Perhaps Marguerite Porete is the collection’s abiding presence (although Shapiro does not include her work here). After a trial in 1310 in Paris, she was burnt at the stake for heresy having refused to recant her version of Christian spirituality in The Mirror of Simple Souls (Mirouer des simples âmes). As the centuries passed, women of privilege observed the rise of court poetry (ballades, rondeaux, and virelays), learned the conventions of the Petrarchan sonnet, and enjoyed the work of Ronsard and Villon, then Racine and Nerval. Marguerite de Navarre was one of the first poets to use terza rima. But all advances until recently depended on either obtaining a degree of power or permission. By the Renaissance, writes Krueger, “women’s contributions were no less vital to domestic and town economies throughout the period. Individual women wielded power and influence as queens, regents, wives managing estates in their husbands’ absence, widows governing lands and households, patronesses at court, organizers of salons, and, no less, as mothers who shaped their families’ destinies.”

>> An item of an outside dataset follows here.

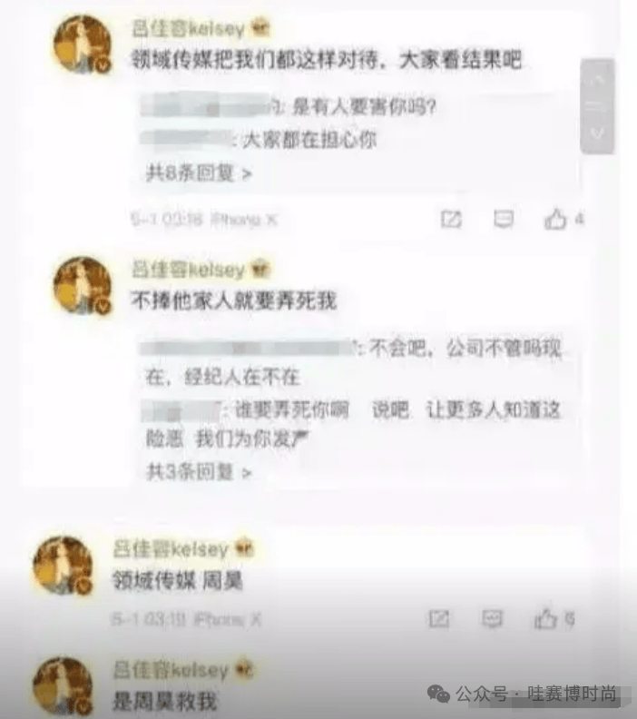 2019年5月1日凌晨,吕佳容在其社交平台上发布了一组令人触目惊心的割腕伤口照片,并连续更新动态,坦陈自己曾经历的艰难困苦。她对社会娱乐圈的不公正现象进行了严厉指责,并直言不讳地表示自己无法承受潜规则带来的压力。此番言论迅速引发了广大网友的广泛关注和深切担忧,许多人担心她可能会效仿已故艺人乔任梁,采取极端手段结束生命。

Madeleine des Roches (1520?-1587) and her daughter Catherine (1542?-1587) led salon society in Poitiers and “defended women’s right to lead a life of the mind, though not at the expense of traditional pursuits, which they defended as well.” (The biographical pages on all fifty-six poets are fine reading in themselves.) This is Madeleine’s “Sonnet VIII”:

Someone more blessed might ask, of my woe-spent
And doleful sighs, my mournful moans: “Did she
Never know joy, poor soul? In misery,
Did the stars trace her days in long descent?

Is it the truth? Or would she, pity-bent,
Merely rehearse a sad soliloquy?”
Nights without sleep torment and torture me
Ten thousand times more than I dare lament.

Sleepless nights blunt my reasoning; my head
Remembers little; tongue’s fair skill has fled;
Fear shrinks my mind from what it once had been.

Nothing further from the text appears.